As a concept, it is in line with a general condition of instability due to the extensive disruptions brought on by the flows of capital. The wobbly, risky, financial and logistical edifice that supports Stable Diffusion's development testifies to this. The company Stability AI, funded by former edge fund manager Emad Mostaque, helped finance the transformation of the "technical" product into a software available to users and powered by an expensive infrastructure. It also made it possible to sell it as a service. To access large scale computing facilities, Mostaque raised $100 millions in venture capital.[12] His experience in the financial sector helped convince donors and secure the financial base. The investment was sufficient to give a chance to Stability to enter the market. Moving from the computer lab to a working infrastructure required to ground the diffusion algorithm into another material environment comprising Amazon servers, the JUWELS Booster supercomputer, tailor made data centers around the world.[13] This scattered infrastructure corresponds to the global distribution of the company's legal structure: one leg in the UK and one leg in Delaware. The latter offering a welcoming tax environment for companies. Dense networks of investors and servers supplement code. In that perspective, the development of the Stable Diffusion algorithm is inseparable from risk investment. These risks take the concrete form of a long string of controversies and lawsuits, especially for copyright infringement and the eventual firing of Mostaque from his position of CEO after aggressive press campaigns against his management. Across all its dimensions, the shaky nature of this assemblage mirrors the physical phenomenon Stable Diffusion's models simulate.

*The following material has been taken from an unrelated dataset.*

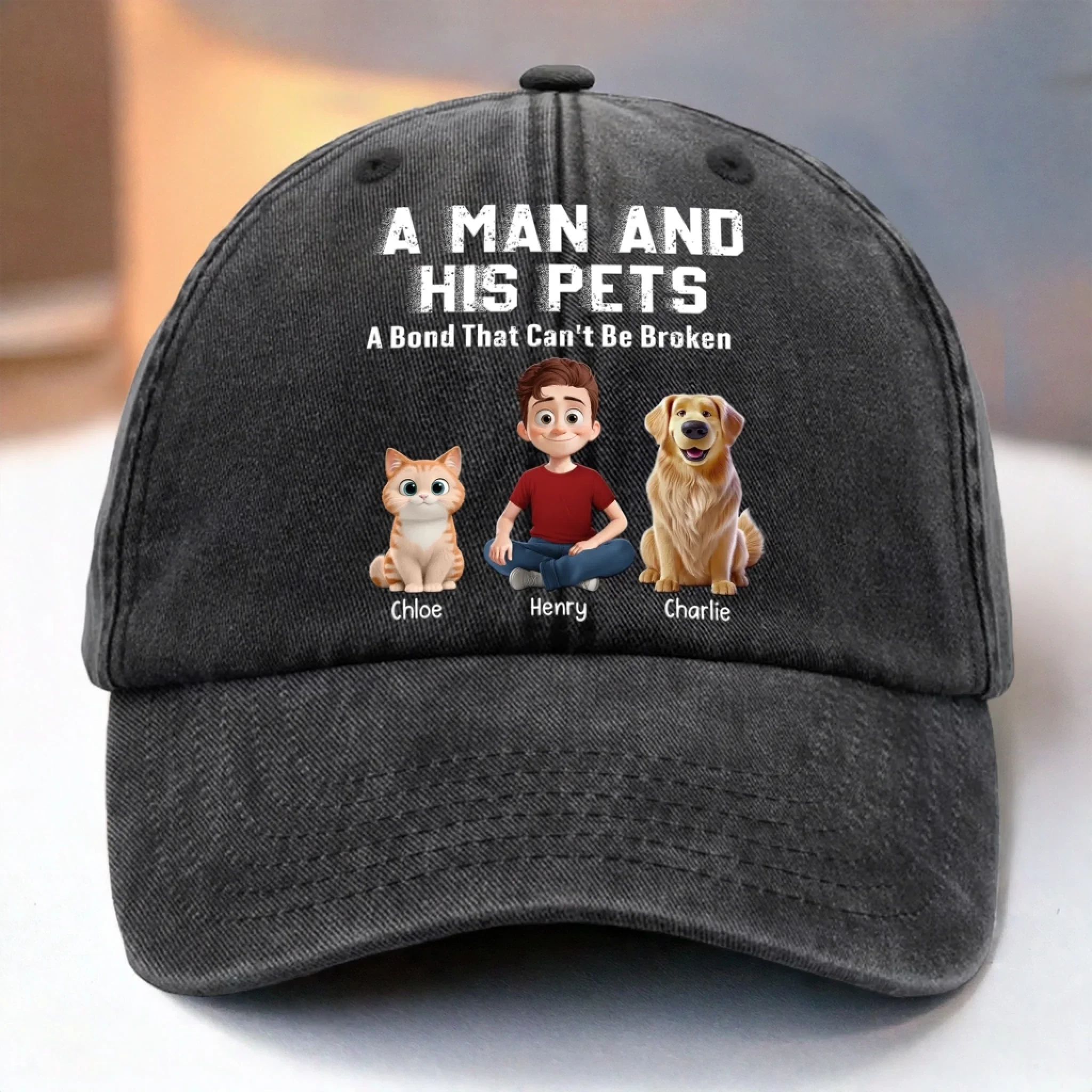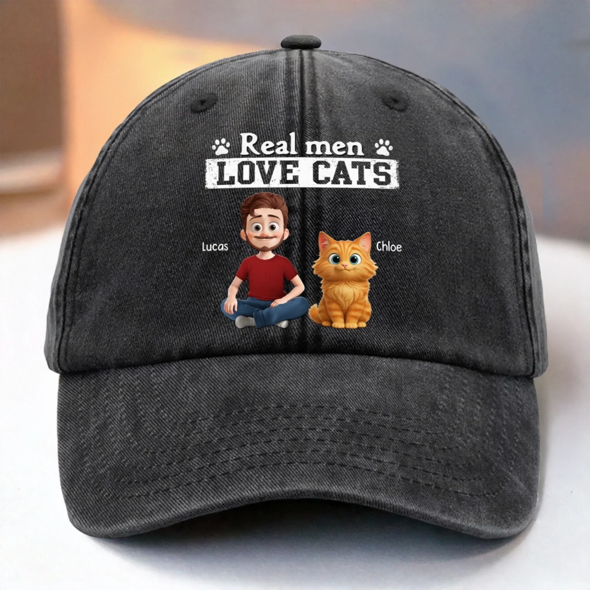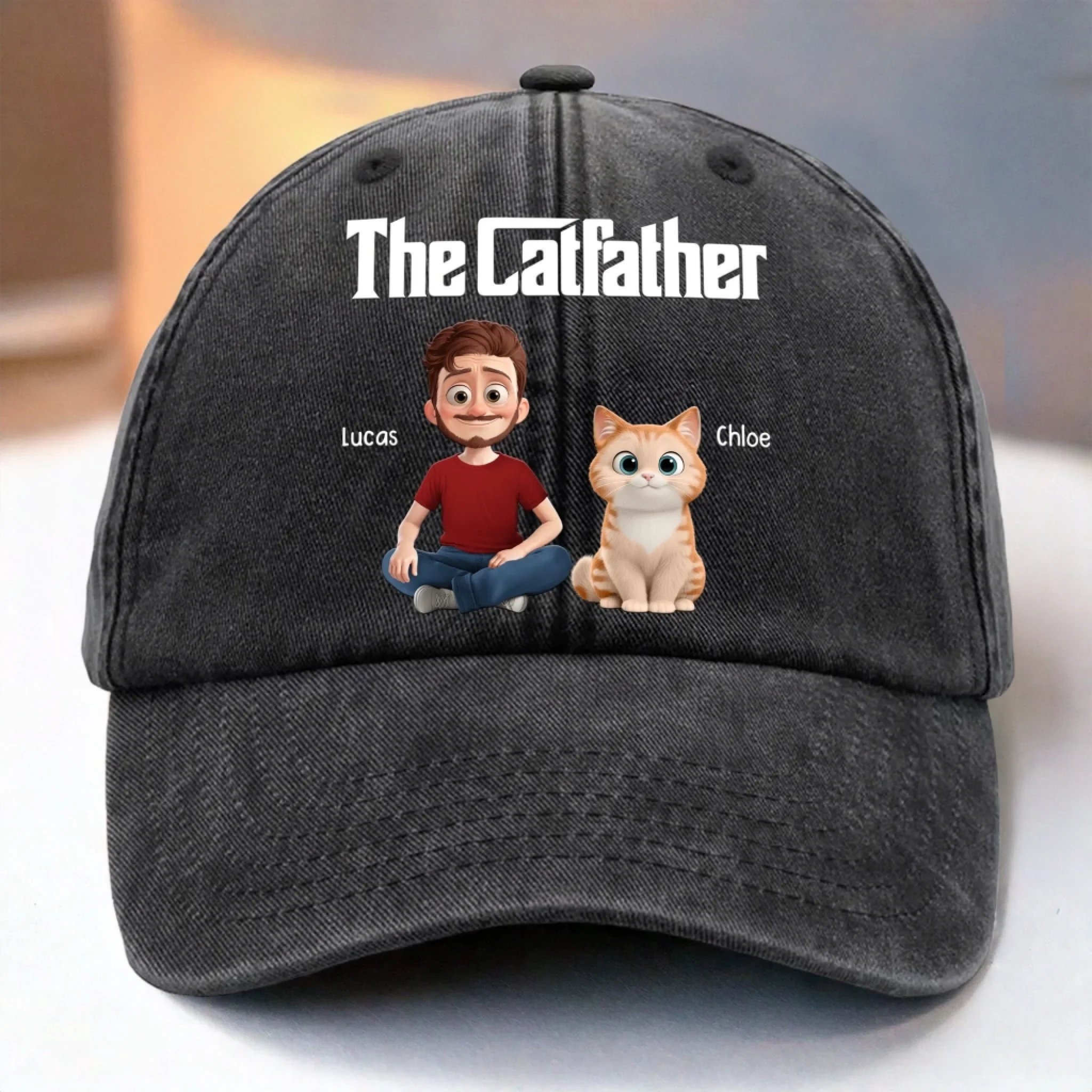 Custom Vintage Washed Denim Baseball Cap - Personalized Birthday Gifts For Cat Lovers, Cat Mom And Dad - My Daily Happiness Source

In short, stabilising diffusion means attending a huge range of problems happening simultaneously that require extremely different skills and competences such as algorithmic design, statistical optimization, identifying faulty GPUs, decide on batch sizes in training, and the impact of different floating-point formats on training stability, securing investment and managing delays in payment, pushing against legal actions, and, last but not least, aligning prompts and images.

How does diffusion create value? Or decrease / affect value?

The question of value needs to be addressed at different levels as we have chosen to treat diffusion as a complex of techniques, algorithm, software, metaphors and finance.

First, we can consider diffusion as an object concretised in a material form: the model. The model is at the core of a series of online platforms that monetize access to the model. With a subscription fee, users can generate images. Its value stems from the model's ability to generate images in a given style (i.e., Midjourney), with a good prompt adherence, reasonably fast. It is a familiar value form for models: AI as a service that generates revenue and capitalize on the size of a userbase.

As the model is open source, it can also be shared and used in different ways. For instance, users can use the model locally without paying a fee to Stability AI. Alternatively, it can be integrated in peer-to-peer systems of image generation such as Stable Horde or shared installations through non-commercial APIs. In this case, the model gains value with adoption. And as interest grows, users start to build things with it as LoRAs, bespoke models, and other forms of conditioning. Through this burgeoning activity, the model's affordances are growing. Its reputation increases as it enters different economies of attention where users gain visibility by tweaking it, or generating 'great art'.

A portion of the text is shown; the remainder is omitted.